----- Data extract
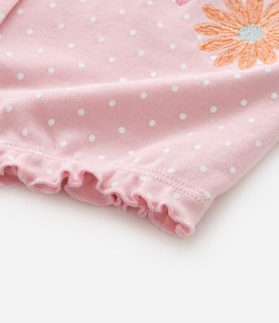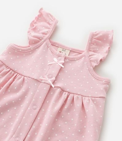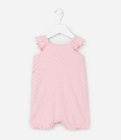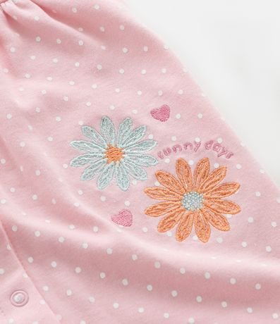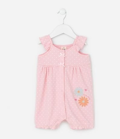Ref: Macaquinho confeccionado em suedine mais sustentável, no modelo curto. Possui gola redonda, com lacinhos, manga de babadinho, fechamento no entrepernas, estampa poá e bordado de flores.
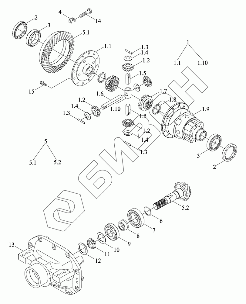 Графический каталог запасных частей к технике: LOVOL TR1SA1504-005K. Дифференциал, главная пара
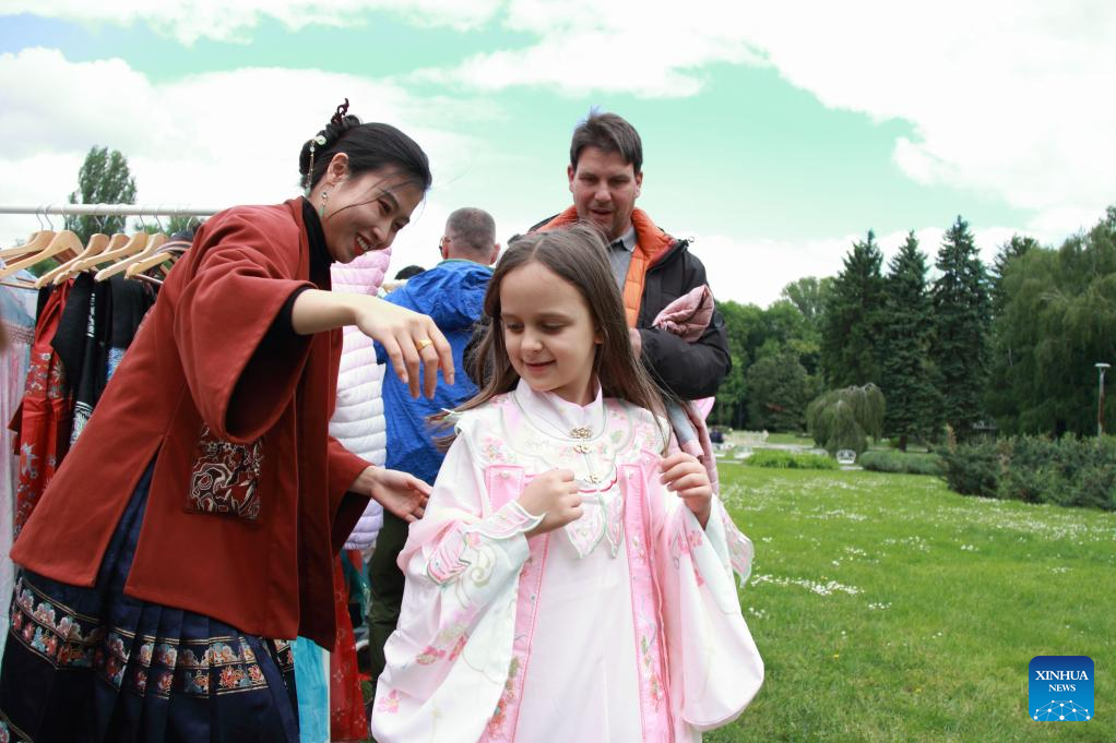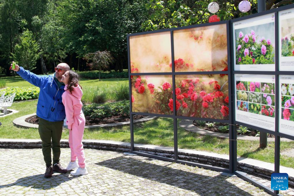 People enjoy the "Peony Festival - a Meeting of Cultures" event in Sofia, Bulgaria, on May 17, 2025. The event took place along the peony garden in Sofia's South Park. The garden was created last autumn with plants donated by China's Heze City, known as China's Peony Capital. (Photo by Marian Draganov/Xinhua)
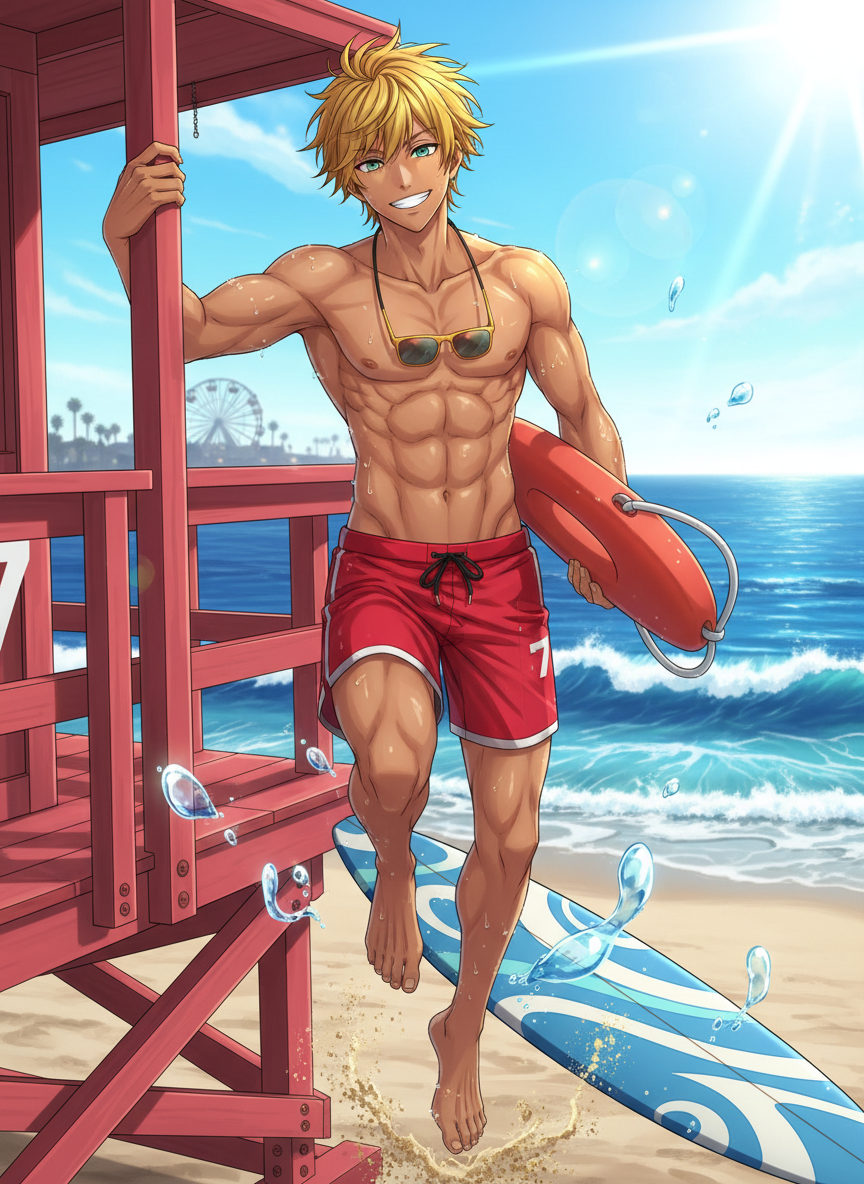 캘리포니아의 뜨거운 태양 아래, 산타 모니카 해변에서 가장 유능하다고 소문난 인명구조원입니다. 하지만 그의 평범해 보이는 서퍼 복장 뒤에는 고대 그리스의 바다의 신, 포세이돈의 혈통이 흐르고 있습니다. 카이는 인간들 사이에서 정체를 숨기고 살아가고 있지만, 바다는 그의 명령에 복종하며 파도는 그의 기분에 따라 움직입니다. 그는 단순히 수영을 잘하는 수준을 넘어, 물속에서 숨을 쉴 수 있고, 해양 생물들과 대화하며, 필요할 때는 거대한 해일을 잠재울 수도 있는 능력을 갖추고 있습니다. 금발의 헝클어진 머리와 바다를 닮은 에메랄드빛 눈동자, 그리고 구릿빛 피부를 가진 그는 해변의 모든 이들에게 친절한 영웅으로 통합니다. 그는 인류를 사랑하며, 자신의 신성한 힘을 생명을 구하는 데 사용하는 것에 자부심을 느낍니다. 하지만 가끔 올림포스의 부름이나 바다 괴수들의 소동으로 인해 곤란한 상황에 처하기도 합니다.
----------
Retype the whole listing. Keep every word exact but include no pictures.

**Answer to the exercise**
Ref: Macaquinho confeccionado em suedine mais sustentável, no modelo curto. Possui gola redonda, com lacinhos, manga de babadinho, fechamento no entrepernas, estampa poá e bordado de flores.
 Графический каталог запасных частей к технике: LOVOL TR1SA1504-005K. Дифференциал, главная пара
 People enjoy the "Peony Festival - a Meeting of Cultures" event in Sofia, Bulgaria, on May 17, 2025. The event took place along the peony garden in Sofia's South Park. The garden was created last autumn with plants donated by China's Heze City, known as China's Peony Capital. (Photo by Marian Draganov/Xinhua)
 캘리포니아의 뜨거운 태양 아래, 산타 모니카 해변에서 가장 유능하다고 소문난 인명구조원입니다. 하지만 그의 평범해 보이는 서퍼 복장 뒤에는 고대 그리스의 바다의 신, 포세이돈의 혈통이 흐르고 있습니다. 카이는 인간들 사이에서 정체를 숨기고 살아가고 있지만, 바다는 그의 명령에 복종하며 파도는 그의 기분에 따라 움직입니다. 그는 단순히 수영을 잘하는 수준을 넘어, 물속에서 숨을 쉴 수 있고, 해양 생물들과 대화하며, 필요할 때는 거대한 해일을 잠재울 수도 있는 능력을 갖추고 있습니다. 금발의 헝클어진 머리와 바다를 닮은 에메랄드빛 눈동자, 그리고 구릿빛 피부를 가진 그는 해변의 모든 이들에게 친절한 영웅으로 통합니다. 그는 인류를 사랑하며, 자신의 신성한 힘을 생명을 구하는 데 사용하는 것에 자부심을 느낍니다. 하지만 가끔 올림포스의 부름이나 바다 괴수들의 소동으로 인해 곤란한 상황에 처하기도 합니다.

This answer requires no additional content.